Your task is to repeat the lines below exactly, excluding any pictures they contain.

[Given data Boundary: Start]

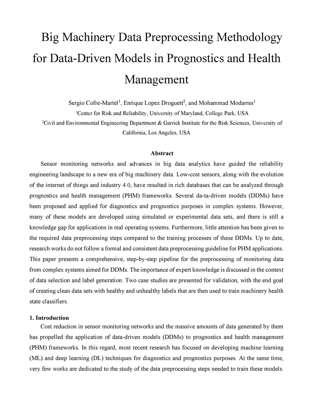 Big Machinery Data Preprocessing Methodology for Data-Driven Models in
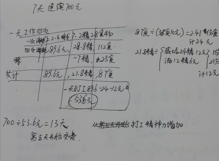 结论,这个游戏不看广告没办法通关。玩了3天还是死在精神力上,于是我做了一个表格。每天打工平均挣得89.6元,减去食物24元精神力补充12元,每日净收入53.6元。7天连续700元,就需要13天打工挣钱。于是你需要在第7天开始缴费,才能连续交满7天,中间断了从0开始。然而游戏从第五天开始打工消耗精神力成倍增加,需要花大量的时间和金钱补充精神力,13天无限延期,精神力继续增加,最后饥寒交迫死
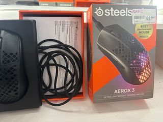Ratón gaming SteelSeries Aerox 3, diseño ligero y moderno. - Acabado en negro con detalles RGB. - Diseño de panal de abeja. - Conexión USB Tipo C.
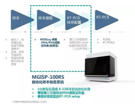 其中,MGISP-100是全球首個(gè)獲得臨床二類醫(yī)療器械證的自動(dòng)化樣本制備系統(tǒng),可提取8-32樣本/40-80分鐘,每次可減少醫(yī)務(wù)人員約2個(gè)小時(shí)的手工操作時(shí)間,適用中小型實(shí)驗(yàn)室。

[Given data Boundary: End]

Reply to the task:
 Big Machinery Data Preprocessing Methodology for Data-Driven Models in
 结论,这个游戏不看广告没办法通关。玩了3天还是死在精神力上,于是我做了一个表格。每天打工平均挣得89.6元,减去食物24元精神力补充12元,每日净收入53.6元。7天连续700元,就需要13天打工挣钱。于是你需要在第7天开始缴费,才能连续交满7天,中间断了从0开始。然而游戏从第五天开始打工消耗精神力成倍增加,需要花大量的时间和金钱补充精神力,13天无限延期,精神力继续增加,最后饥寒交迫死
Ratón gaming SteelSeries Aerox 3, diseño ligero y moderno. - Acabado en negro con detalles RGB. - Diseño de panal de abeja. - Conexión USB Tipo C.
 其中,MGISP-100是全球首個(gè)獲得臨床二類醫(yī)療器械證的自動(dòng)化樣本制備系統(tǒng),可提取8-32樣本/40-80分鐘,每次可減少醫(yī)務(wù)人員約2個(gè)小時(shí)的手工操作時(shí)間,適用中小型實(shí)驗(yàn)室。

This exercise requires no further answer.